Jeff Who Lives at Home
Director
,
Cast
, , ,
Rated
R
Runtime
83 min.
Release Date
03/16/2012
Jeff who lives at home

Jeff, played with absolute sincerity by Jason Segel, is an unemployed 30-year-old living in his mother’s basement. We first meet Jeff in a tight shot of him taping his thoughts about the 2002 film Signs on a voice recorder. He goes on about how everything in the film is interconnected, how subtle details at first have no meaning, but then they come together in the end. The shot pulls back to reveal Jeff sitting on the toilet. And so, it’s easy to undercut Jeff’s devoted belief that all things are connected, as they are in M. Night Shyamalan’s 2002 film, because on the outside, he’s eccentric and almost certainly a loser. He smokes pot all day, eats Pop-Tarts for dinner, and clearly doesn’t have his life together. This makes it easy to discount his faith that coincidences are never just coincidences.

Jay and Mark Duplass, the writing-directing brothers behind the experimental, quasi-improvisational horror-comedy Baghead, take another step toward mainstream Hollywood comedies with Jeff Who Lives at Home. The result is decidedly similar to their last film, Cyrus, which starred Jonah Hill as an obsessive grownup-child who lives with his mother. Their intention here is not darkly comic, though; by and large sweet and soon enough whimsically sentimental, the film is an amusing dramedy with heart. There’s an indie feel to the production, shot with considerable grain on location in Baton Rouge, Louisiana. Cinematographer Jas Shelton’s handheld HD camerawork employs annoying little quick zooms that remove us from the moment. But aside from this stylistic quibble, the film has plenty of charm thanks to the cast.
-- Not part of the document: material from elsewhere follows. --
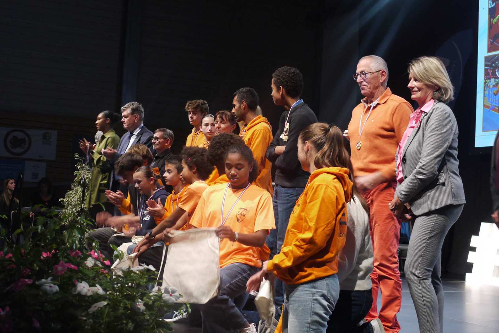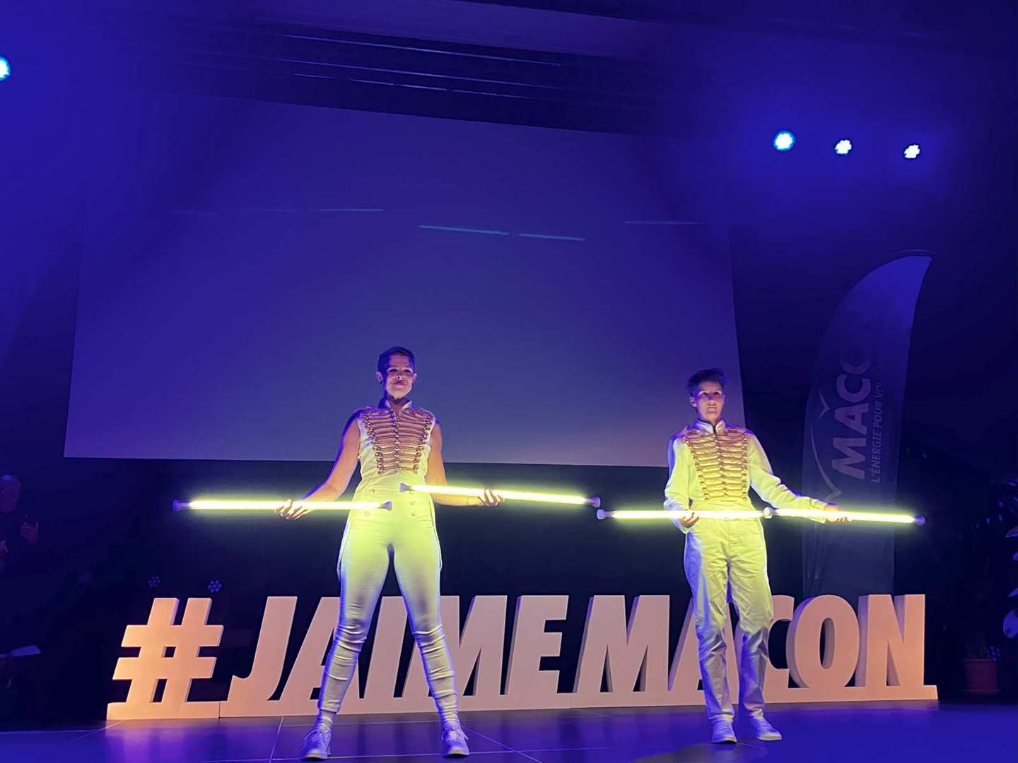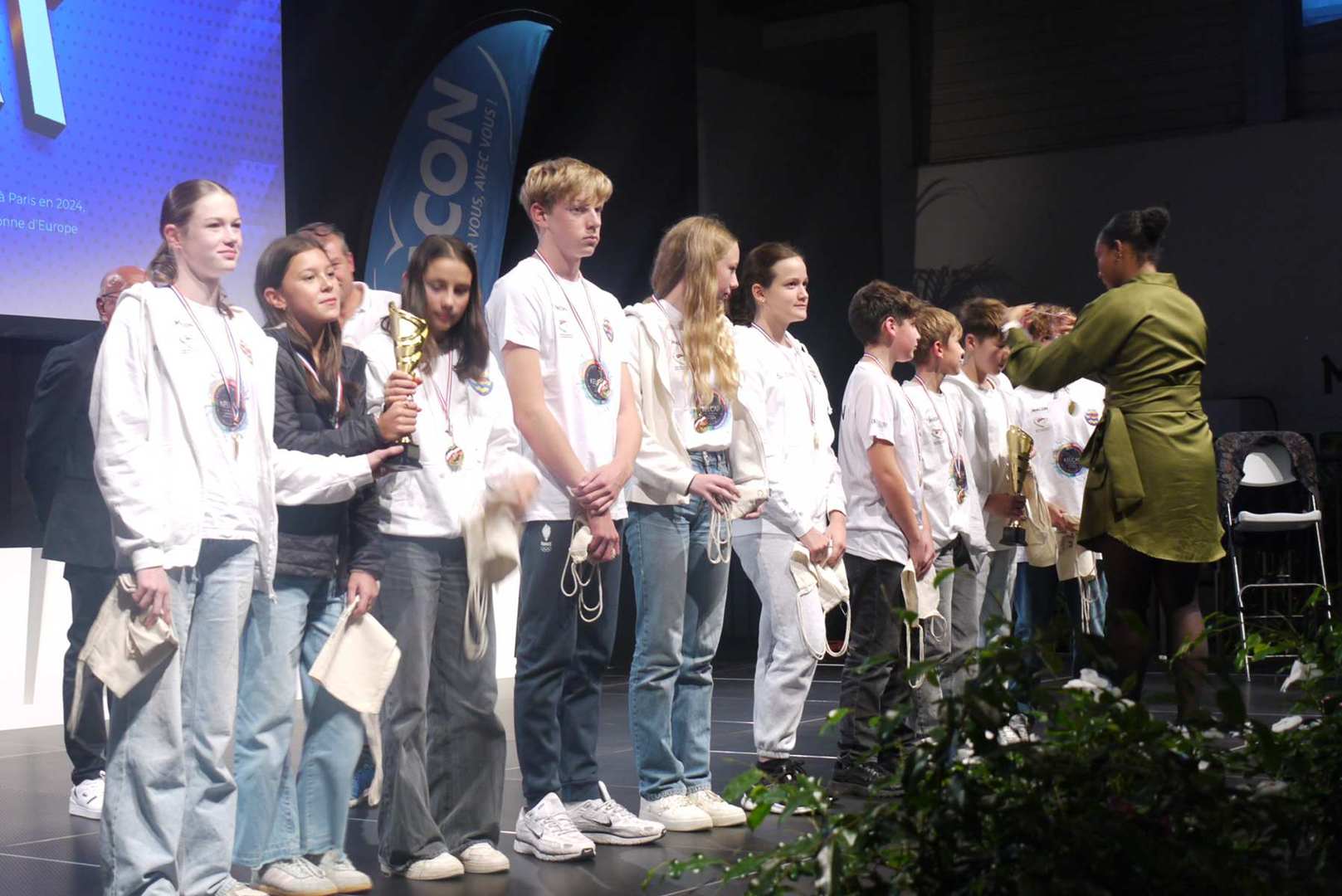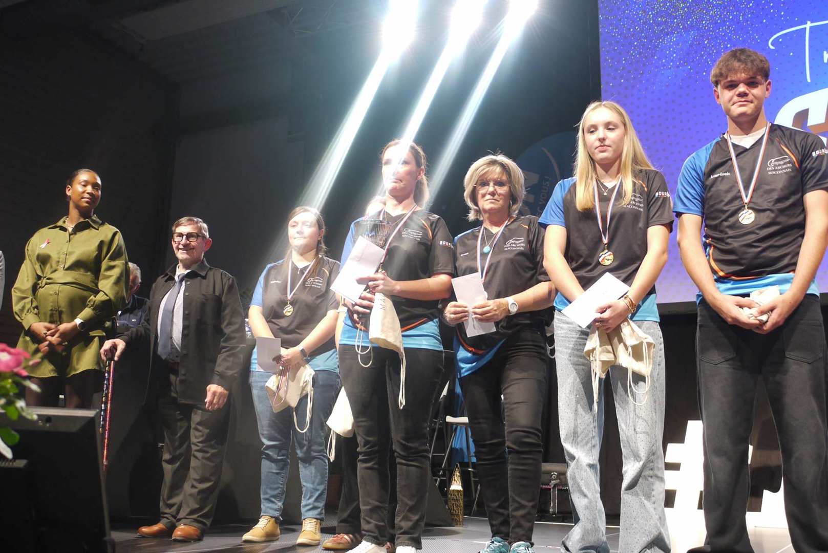 Avant d’entamer la remise des prix, une médaille de la ville est remise à Coraline, après un retour sur ses exploits, marquant ainsi l’honneur de l’avoir invitée pour la cérémonie. Les 22 clubs ou associations sportives ont pu ensuite se succéder sur scène ou leur a été remis médailles et trophées pour récompenser leurs réussites. Sourires et geste de reconnaissances s’enchaînent sur une scène souvent bien remplie par les nombreux sportifs triomphants. Des show de jonglage avec jeux de lumière venaient ponctuer la cérémonie pour le plus grand plaisir du public.

Segel, who looks like an overgrown adolescent, was perfectly cast. His sheer size leaves him towering over his fellow cast members. Comparably small and skinny, Ed Helms plays Jeff’s brother, Pat, a paint salesman who’s stuck in a dead, passive-aggressive marriage with his wife, Linda (Judy Greer). Then Pat goes and buys a Porsche without her approval, and that’s the last straw. Pat, a crude salesman-type who conducts pseudo-business lunches at Hooters, thinks his brother is a loser too. Even their widowed mother, Sharon (Susan Sarandon), thinks Jeff is a loser. And watching Jeff frump around throughout the entire film in a hoodie, jogging shorts, and greasy, windblown hair, we’re apt to think the same. The story’s momentum takes off when Sharon assigns Jeff a sole task for her birthday: buy some wood glue from Home Depot to fix a broken shutter on the cupboard door. She even leaves him a $5 bill to complete the task.

But when Jeff receives a wrong-number call from someone looking for “Kevin”, he begins to follow signs of anyone named Kevin, hoping that there’s some hidden purpose behind their appearance. Sometimes it has no meaning at all, and other times, there’s a profound reason that he refuses to deny. The film’s funniest moments occur when Jeff’s confidence in these little twists of fate actually works out. There aren’t many guttural laughs in the film, but there’s a pleasantness about the story and in watching Segel lumber through scenes that one cannot dismiss. Helms is less affable, playing a company man who’s not particularly caring toward his wife. As she did in The Descendants, Greer shows she holds her own in dramatic scenes as well as comedic ones. Sarandon is charming in a subplot about her character finding romance from within her cubicle walls.

Jeff Who Lives at Home shouldn’t be described as existential, although it bears a conspicuous number of similarities to David O. Russell’s “existential comedy” I Heart Huckabees, which is also about a character searching for meaning in a series of coincidences. And like that film, this one plays out to a happy ending that, for some, might seem profound (if not a little too convenient here). Granted, the Duplass’ dialogue isn’t as brainy as Russell’s, and the presentation lacks much flair outside of the post-Little Miss Sunshine realm, but these are ultimately the same story, complete with an open-minded protagonist whose arch-nemesis is a close-minded company man. Nevertheless, this is the more accessible film, and audiences are bound to fall for Segel’s teddy bear sweetness and the genial way the characters manage to work out their problems.